Jennifer A. Chin (cswallow) wrote,
Jennifer A. Chin

Noloholo, Day 32: Honey Harvesting

The sun is setting in its usual glories, and we have several large slabs of honeycomb sitting on the table in the classroom. Today the Hadza led all of the summer camp attendees to the tree where bees had made their hive. They cut a big hole with a hatchet and then reached up (no doubt being stung viciously the whole time) to pull out the combs. This was a good example of why “modern” beekeeping – that is, cultivating honey rather than simply gathering it – is so much better for the bee colonies.

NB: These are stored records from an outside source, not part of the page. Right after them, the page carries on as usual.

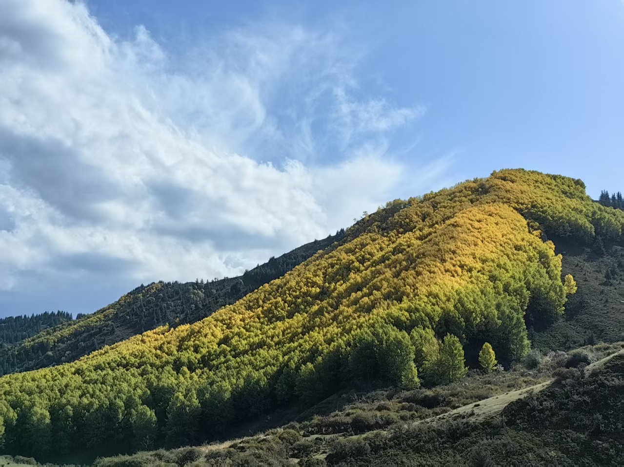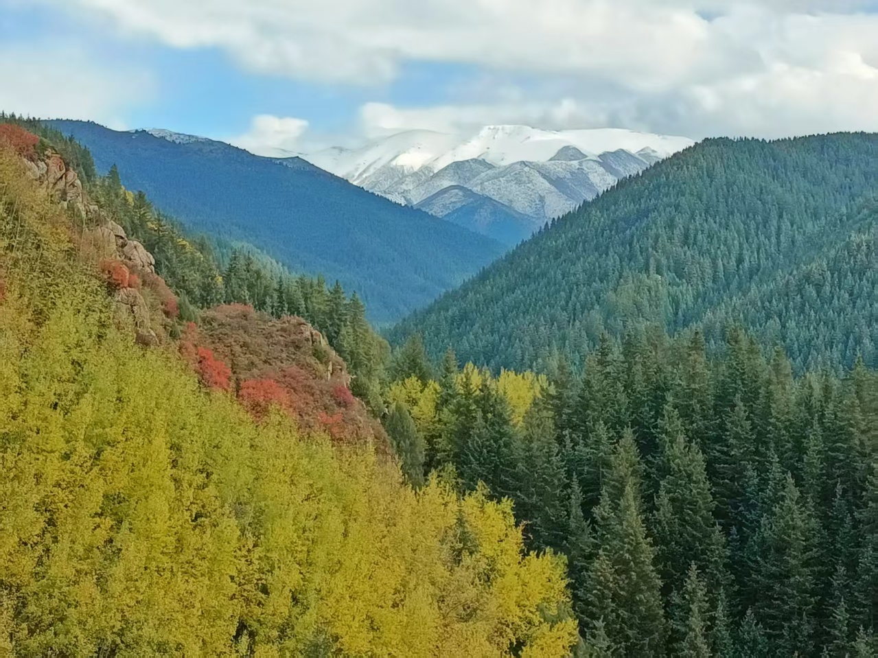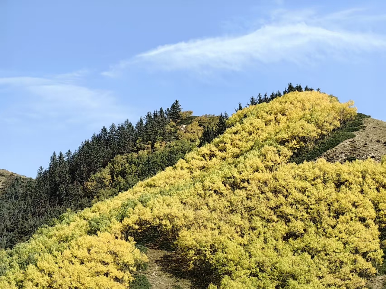 秋风吹过,焉支山的原始森林悄然换装。黄绿交织,红金点染,仿佛大自然执笔挥洒的油画,静谧而热烈。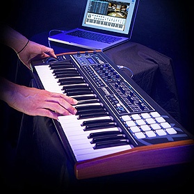 La KeyLab è un controller MIDI studiato per integrarsi perfettamente con i virtual instrument di Arturia, peraltro basati sulla fortunata tecnologia proprietaria a modelli fisici TAE, attraverso il software Analog Lab fornito gratuitamente a corredo. L’interazione tra la KeyLab e la Analog Lab consente di ottenere un sistema ibrido con l’immediatezza del sintetizzatore hardware e la flessibilità del software. Terminata l’installazione dei software, basta collegare la KeyLab al proprio personal computer tramite la porta USB, e all’avvio della Analog Lab tutti i controlli fisici dello strumento sono assegnati automaticamente a una serie di parametri del virtual instrument selezionato.Per un uso come Controller MIDI generico, potete assegnare i controlli fisici sul pannello attraverso i menu visualizzati sul display, oppure impiegare l’utility MIDI Control Center, studiata da Arturia per la configurazione e la creazione di scene nella KeyLab dal mondo esterno. Tutte le Arturia KeyLab sono alimentabili tramite USB, oppure con un alimentatore di rete acquistabile separatamente, e oltre all’interfaccia USB tutte offrono un parco connessioni composto da porte MIDI I/O, prese per tre pedali Sustain, Expression e uno assegnabile, infine è presente una presa minijack per il collegamento di un Breath Controller.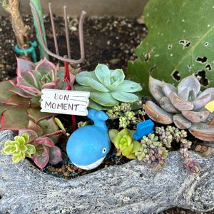 多肉のミニチュアガーデン 作りました♡ 洗濯物を干し終えて ガーデンでのんびり ティータイム🫖☕️ 小人さんになって どんぐりのティーカップで お茶したら楽しいだろうな・.。*・.。*︎💕︎︎💕︎
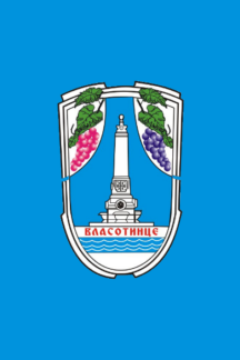 The flag of Vlasotince is blue with the municipal emblem in the middle. Two versions of the flag are in use, differring only by the colour of the bunch of grpaes displayed in the let corner of the arms, either red (photo, photo) or yellow/green (photo).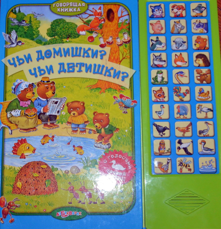 «Чьи домишки? Чьи детишки?» от Азбукварик. Эта книга очень понравилась ребенку в кабинете у врача. Голоса животных там самые настоящие! Настолько реалистичные, что ребенок даже боялся некоторое время к ней подходить, потому что медведь рычит ну очень грозно! По картинкам можно усвоить, кто где живет, выучить, названия семейств животных. Картинки наоборот очень детские. Словом, книгу можно изучать долго.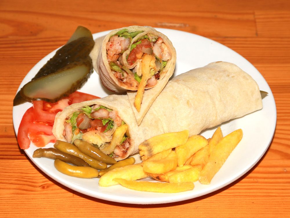 Tavuk döner dürüm, patates kızartması ve ayran (200 ml) ile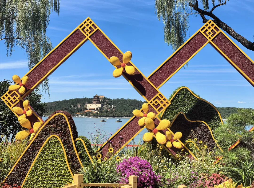 十七孔桥东侧湖边的“湖山方胜”花坛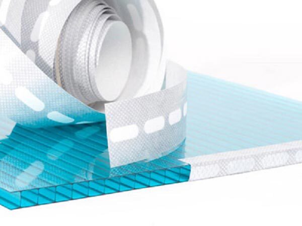 Герметизирующая лента применяется при монтаже поликарбоната для защиты от попадания внутрь панелей пыли, грязи, и насекомых. Герм ленту используют на верхних торцах поликарбоната. На нижних торцах применяют перфорированную ленту (для лучшего удаления конденсата). Лента шириной 25 мм рассчитана на толщину листа от 4 до 8мм., 38мм - на толщину 10мм.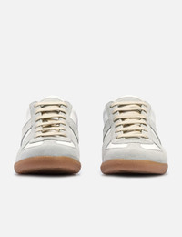 - Maison Margiela - Replica Sneakers - Nappa leather and crust leather upper - Lace-up closure - Maison Margiela logo label on the tab - White stitching at the back - Replica label inside - All-over Maison Margiela logo insole - Rubber outsole - Made in Italy - Color: Dirty White - Material: Upper: 100% Calf Leather; Contrast: 100% Calf Leather; Lining: 100% Cotton; Sole: 100% Rubber - See more Sneakers and Shoes
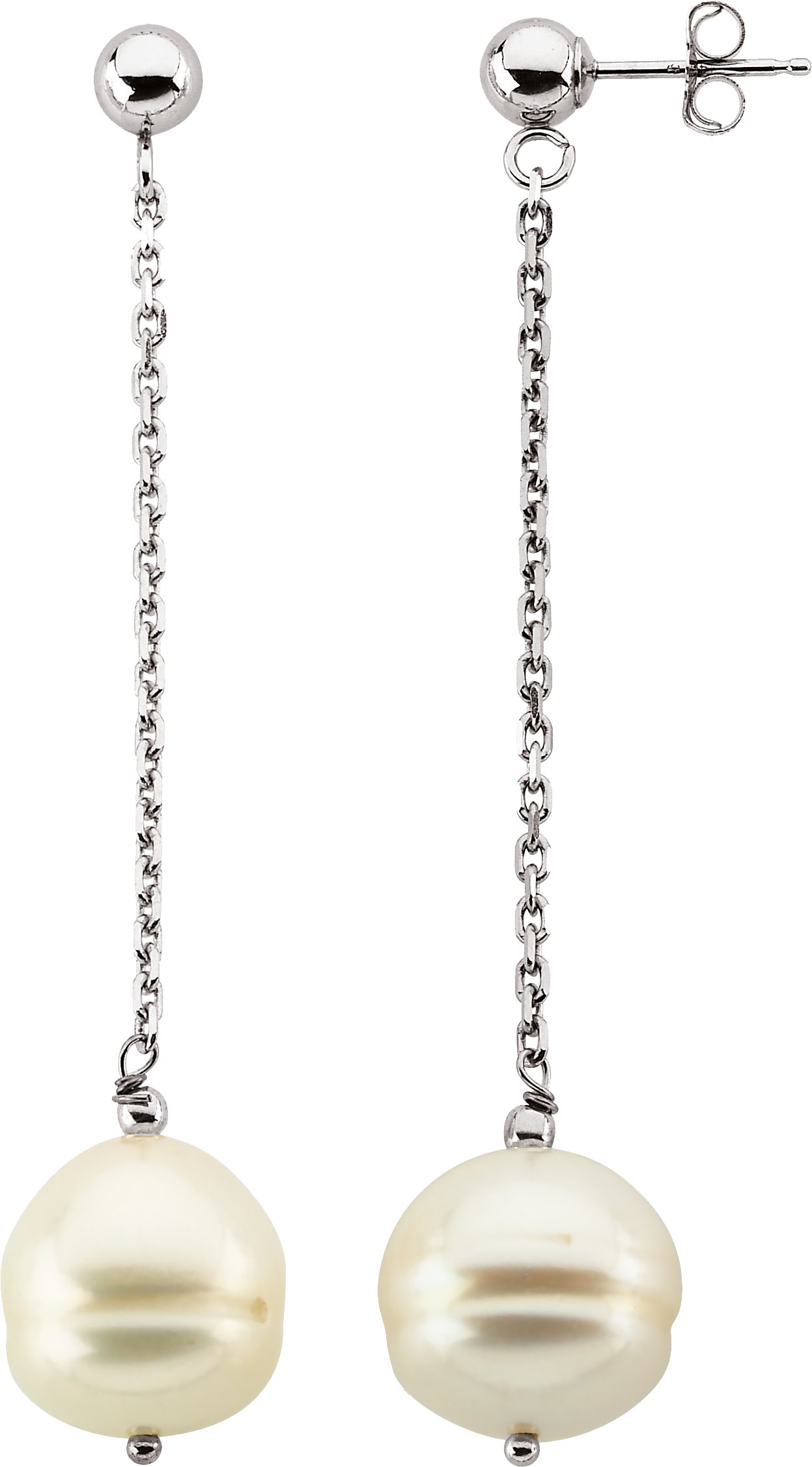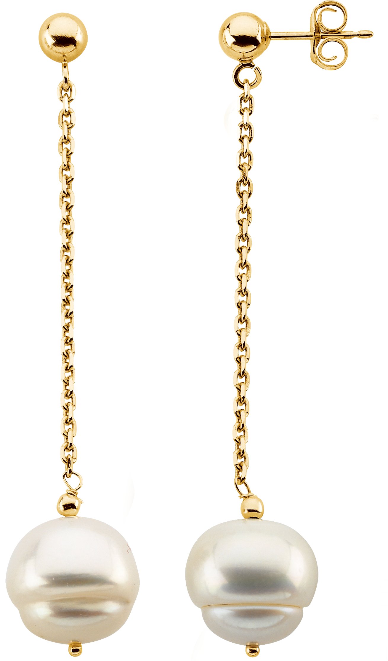 Freshwater Circle Pearl Chain Dangle Earrings | 9 - 11 mm. Available in 14K Yellow or 14K White Gold. Each earring features a white, freshwater cultured, circle pearl.

On the combs that we gathered, little bee larvae are starting to climb out, while some drowsy and confused bees meander about. In modern methods, you have boxes for the hives so trees don’t need to be chopped at, and you control your offtake so the bee colonies don’t collapse. This particular one probably won’t collapse, as there were more combs further up in the tree trunk. Still, the whole process made bee-box beekeeping look like a walk in the park. Most traditional hunter-gatherer groups, including the Hadza and Dorobo, won’t kill a tree to reach the honey. But more aggressive commercial honey gatherers will in fact cut the whole tree down just to reach the combs inside.

In the morning the kids had a honey-making activity, where Neo dressed up like a bee before putting the costume on a child, having them be dusted with pollen (flour), drink up some nectar (Coca-Cola) and then harvest honey (spit honey into cups arranged like a comb). It was very cute.

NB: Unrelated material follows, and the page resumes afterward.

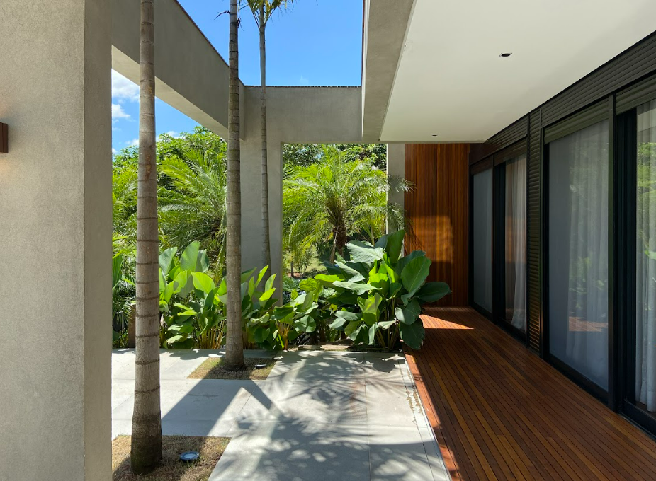 A escolha por espécies tropicais, especialmente brasileiras, reforça a identidade do projeto e contribui para a sensação de acolhimento e pertencimento. O verde, além de emoldurar a arquitetura, traz vida e dinamismo aos espaços.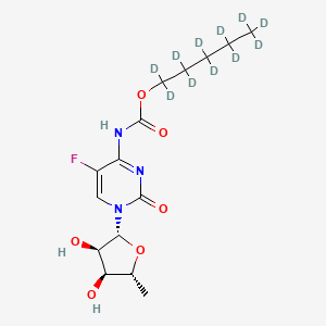 Capecitabine is a fluoropyrimidine carbamate prodrug that is converted in the body to its active metabolite, 5-fluorouracil (5-FU), a potent antineoplastic agent.[4][5][6] this compound is structurally identical to Capecitabine, with the exception of the eleven hydrogen atoms on the pentyl group of the N-(pentyloxy)carbonyl moiety, which are replaced by deuterium atoms.[1][7] This isotopic substitution is key to its function as an internal standard.

The girls are adorable and love to hold hands while we walk and talk, whether it’s coming back from dinner or going on our hike this afternoon. Especially the youngest scholar, Susannah (form 1 = grade 7), who is shy about her English but extremely kind-hearted. All four of the scholars practice their English with us, and I try to give them gentle corrections when I can…but I know they are mostly working on speaking with no Swahili accent.

I woke up several times last night to see the moon’s bright face lighting the trees around me. Its traverse is lengthy these days, for it is full from long before sunset until after sunrise. And yet our last full moon barely rose at all. There is something strange about the moon cycles out here; the moonrise and set shift by nearly an hour every day. Can anyone explain to me why the shift in moonrise/moonset is so much more pronounced here than in the US? Or am I hallucinating and the shift is the same here as it is there?